Jean-Marie Le Pen avait déposé plainte devant le doyen des juges d’instruction du tribunal de grande instance de Paris pour des propos tenus lors de l’émission «sept sur sept» du 2 février 1992 sur TF1, à la veille de campagnes électorales. L’ancien premier ministre socialiste avait déclaré à propos du président du Front national: «Il est allé ensuite en Algérie. Il a torturé».
Dans son arrêt, en date du 17 février 1997, la cour estime «qu’il apparaît essentiel au respect des principes fondamentaux de la démocratie de permettre d’informer l’opinion publique (…) de faits graves que la morale publique réprouve et touchant à la vie publique passée d’un homme politique de dimension nationale, et ce quelle que soit la date des faits en cause». La cour estime qu’interdire «au nom de l’ancienneté des faits» une telle information «aboutirait à violer l’article 10 de la convention européenne des droits de l’Homme tant dans son esprit que dans sa lettre».
La cour relève par ailleurs que «Michel Rocard, dont l’activité politique remonte aux années 50, tout comme la partie civile (Jean-Marie Le Pen) a eu depuis cette époque accès à diverses sources d’information fournies au dossier et qui ont pu légitimement lui faire croire à la réalité du fait incriminé». La cour cite notamment des articles des journaux, en particulier un extrait d’une interview de Jean-Marie Le Pen à Combat, le 9 novembre 1962, dans lequel il déclare: «Je le sais, je n’ai rien à cacher. J’ai torturé parce qu’il fallait le faire».

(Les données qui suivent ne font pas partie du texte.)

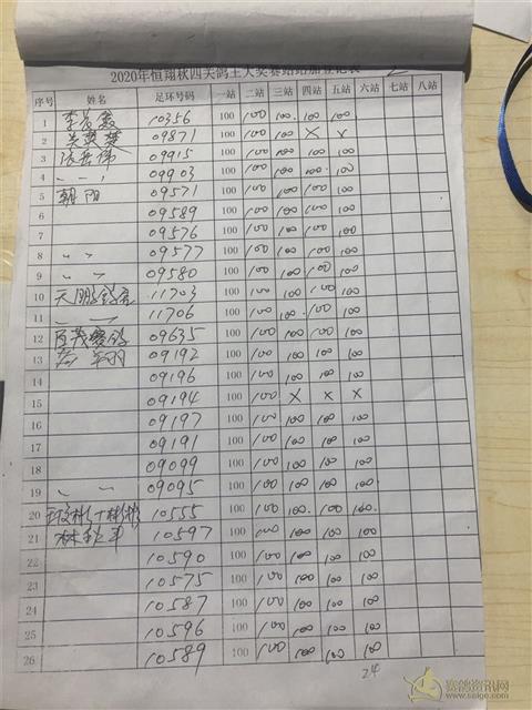 2020年恒翔秋四关鸽王大奖赛站站加第五站福安站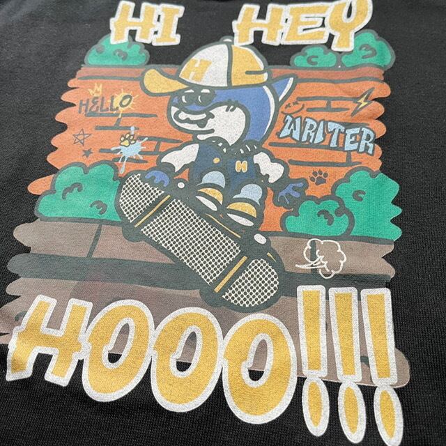 胸元にはさりげなく、背中には大胆なイラストプリント!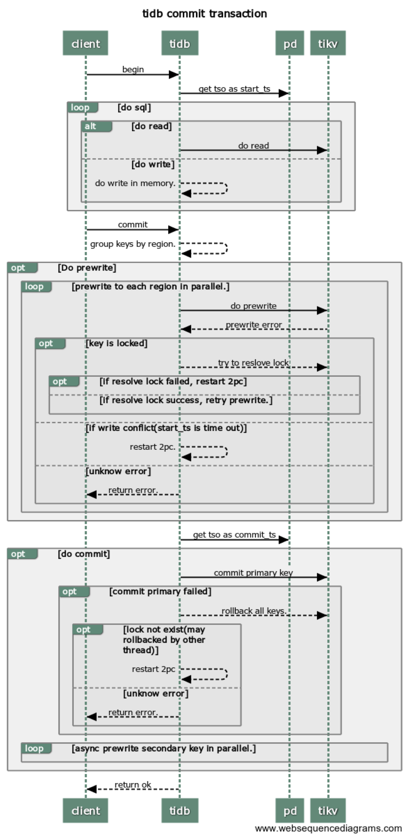 在所有的事务修改完成之后会进行事务的提交,在 TiDB 中事务提交为两阶段提交,详细介绍如下: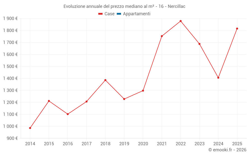Il prezzo mediano sulle 18 transazioni di case degli ultimi 24 mesi nel comune di Nercillac era di 1 683 € al metro quadrato per un valore patrimoniale mediano di 177 025 €. In questo periodo il 60% delle transazioni era tra 1 026 e 2 284 € al metro quadrato (dal 2° all'8° decile).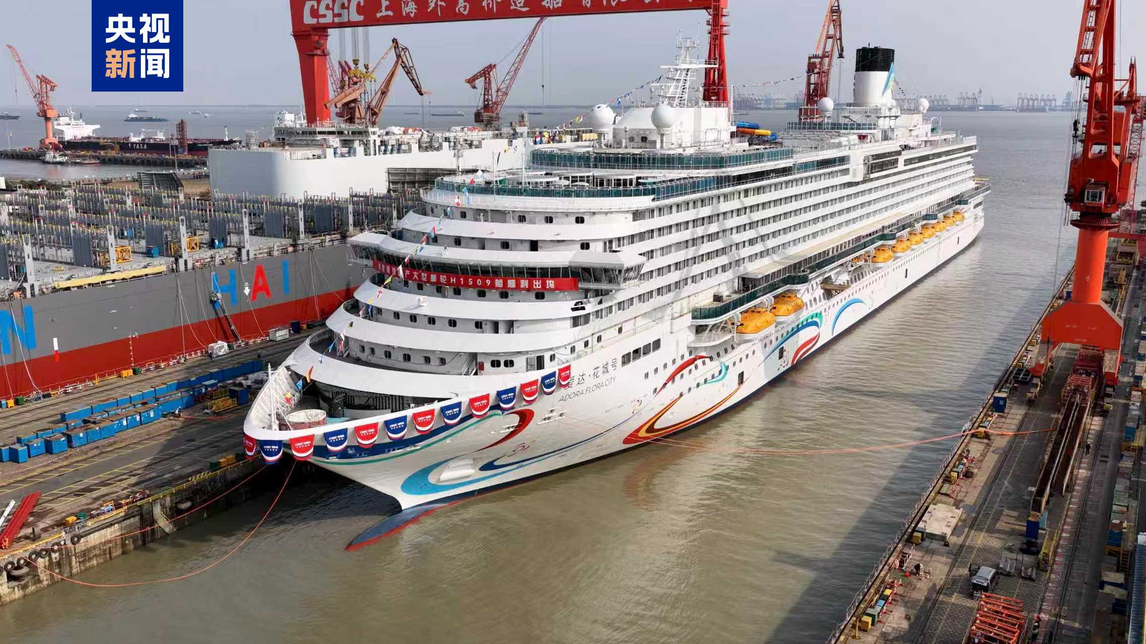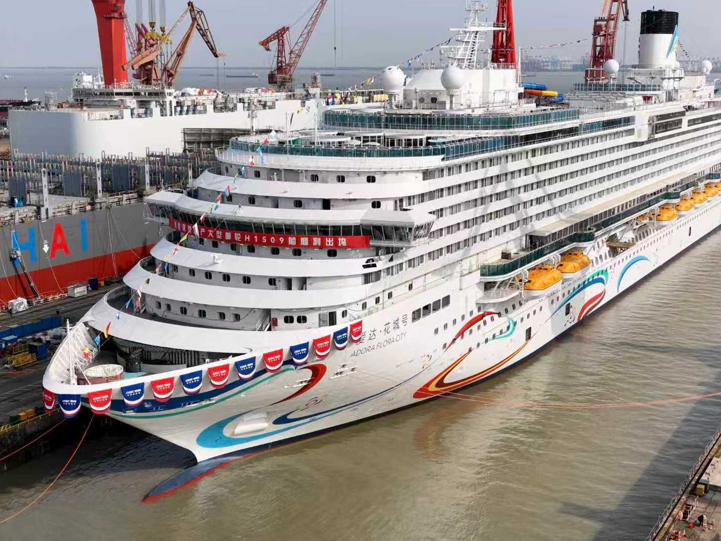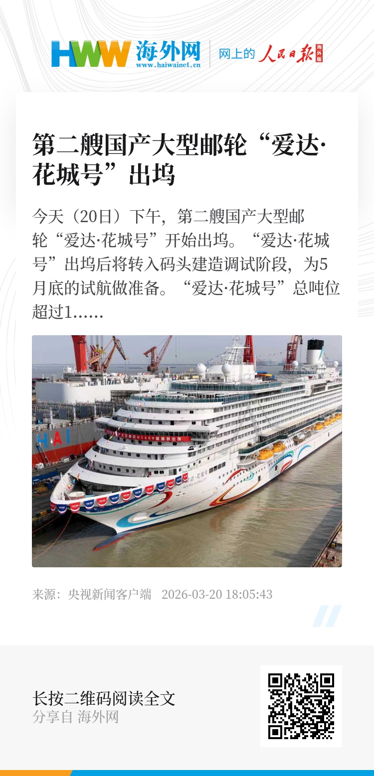 今天(20日)下午,第二艘国产大型邮轮“爱达·花城号”开始出坞。“爱达·花城号”出坞后将转入码头建造调试阶段,为5月底的试航做准备。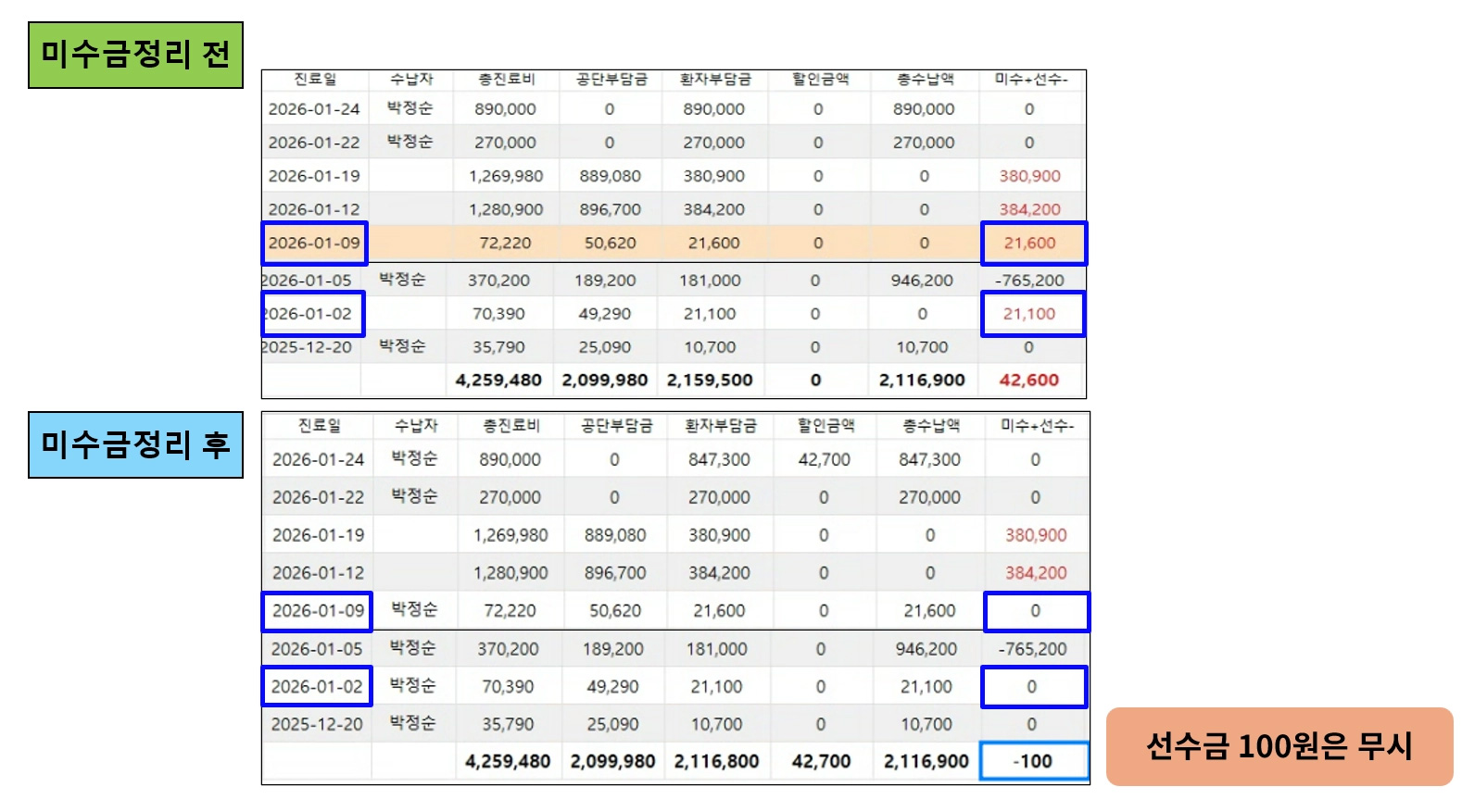 [미수금 정리 전/후]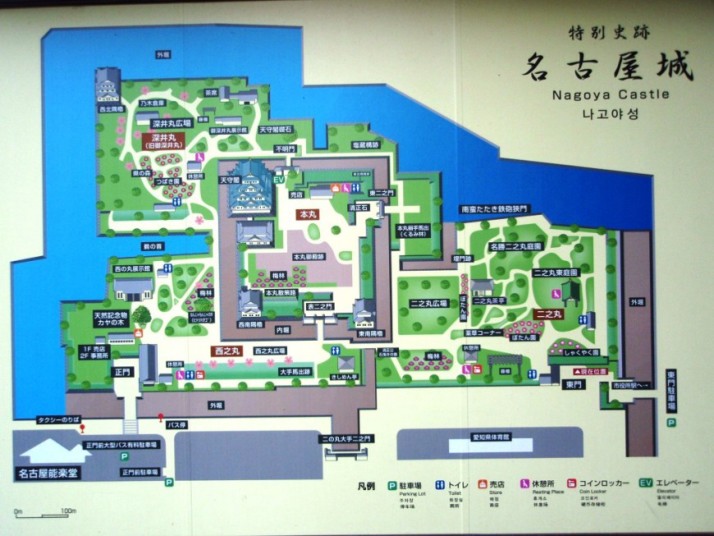 現在名古屋城の遺構として残されているのは3つの櫓(西北隅櫓,西南隅櫓,東南隅櫓)といくつかの門,石垣,堀などである.その一方再建も行われており,昭和
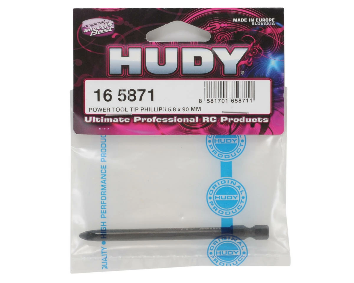This is a HUDY 5.8 x 90mm Phillips Head Screw Driver Power Tool tip madefrom HUDY Spring Steel™. These power tool tips are manufactured fromworld-renowned HUDY Spring Steel™ and available in most popular sizes.The end of the tips are manually ground for maximum precision andperfect fit to the fastener, and additionally heat treated and hardenedfor maximum life.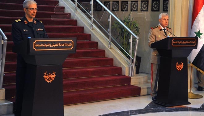 وكان اللواء باقري وصل إلى دمشق أمس على رأس وفد عسكري رفيع المستوى في زيارة رسمية بدعوة من العماد أيوب وكان في استقبال الوفد الضيف في مبنى رئاسة الأركان العامة عدد من كبار ضباط القيادة العامة.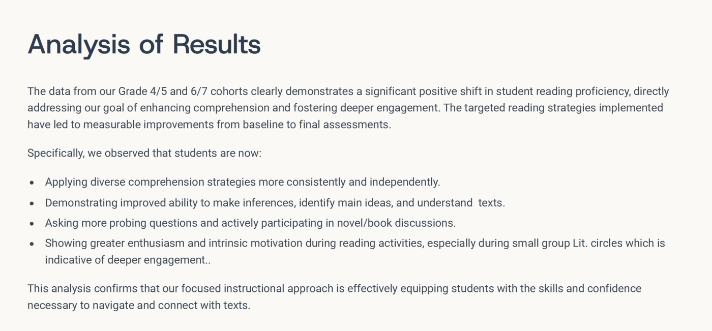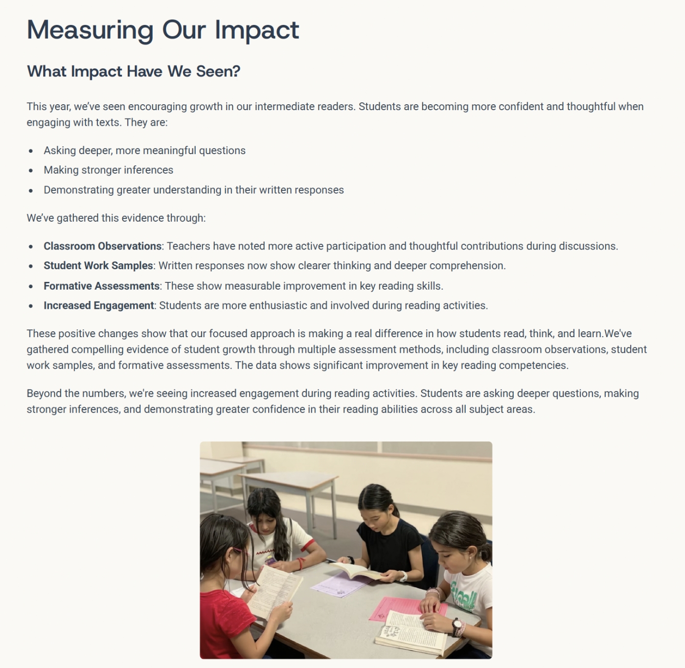 Our learners are developing their literacy skills in meaningful and engaging ways. They are learning to visualize, question, and infer as they read, which helps deepen their understanding and express their thinking with clarity and creativity. Whether through story workshops, hands-on learning, or collaborative conversations, our students are finding their voices and sharing their ideas with confidence.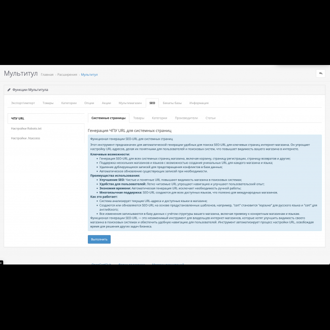 - Генерация SEO-URL для товаров- Автоматическая генерация поисково-оптимизированных URL для товаров на основе их названий с проверкой на дубликаты и поддержкой нескольких языков и магазинов.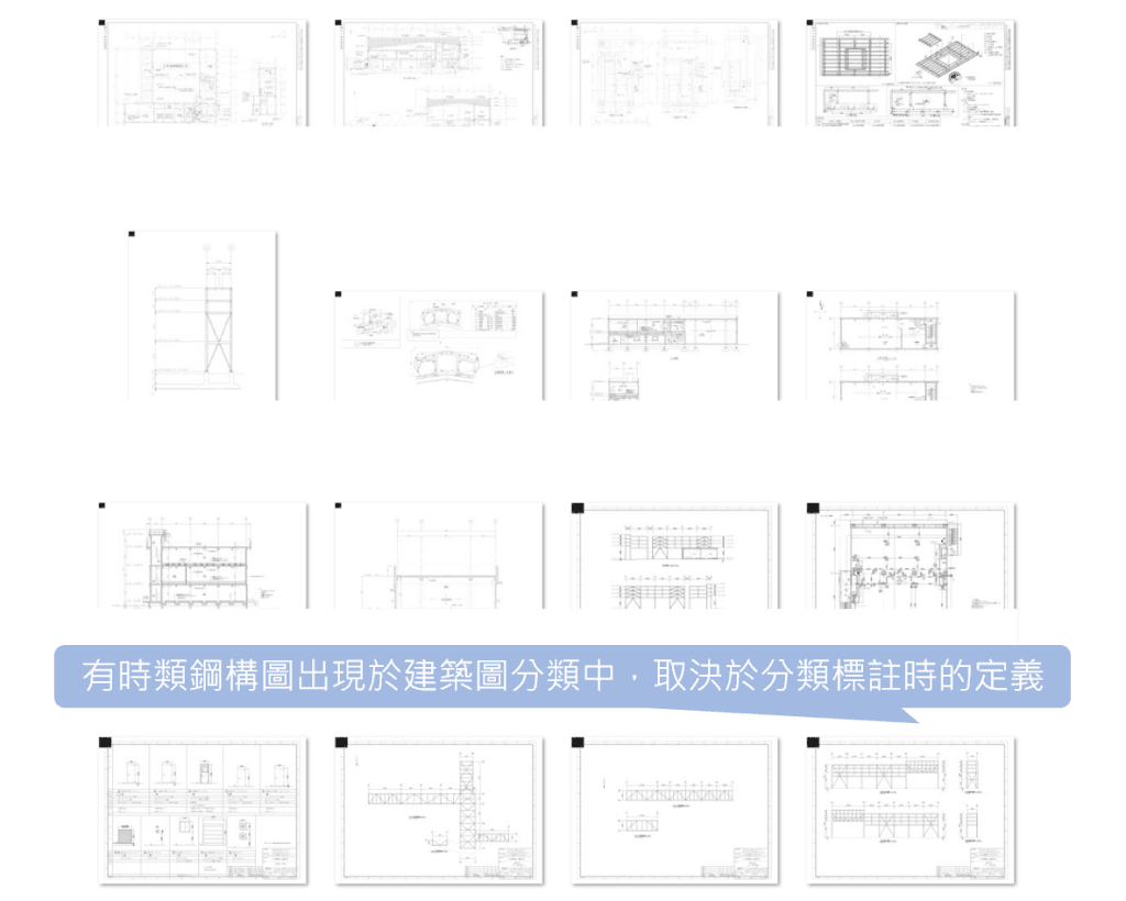 當分類依據來自流程語意而非視覺特徵時,要求影像模型提供穩定分類結果,本身即存在先天限制。就像起初以平面/立面/詳圖 的定義去作分類標註,其實是按著圖面內容的「畫法」、「視覺特徵」去區分:

La cour insiste sur le fait que les propos incriminés ont été tenus «en période de campagne électorale» et que «la cour européenne des droits de l’Homme a décidé que les limites de la critique admissible sont plus larges pour un homme politique que pour un simple particulier, spécialement lorsqu’il s’agit de questions politiques d’intérêt public pour le pays en cause». Elle considère, en conclusion, que Michel Rocard n’était pas «animé par la volonté de nuire à la partie civile en tenant le propos en cause, mais au contraire qu’il a rempli de bonne foi son rôle d’homme politique en cherchant à éclairer les électeurs».
Cet arrêt de la Cour d’appel de Rouen infirme un jugement du 7 octobre 1993 de la 17e chambre correctionnelle de Paris, qui avait condamné Michel Rocard à une amende de dix mille francs. Ce jugement avait déjà été infirmé le 22 juin 1994 par la Cour d’appel de Paris mais l’arrêt de cette dernière avait été annulé le 4 janvier 1996 par la Cour de cassation et l’affaire avait été renvoyée devant la Cour d’appel à Rouen.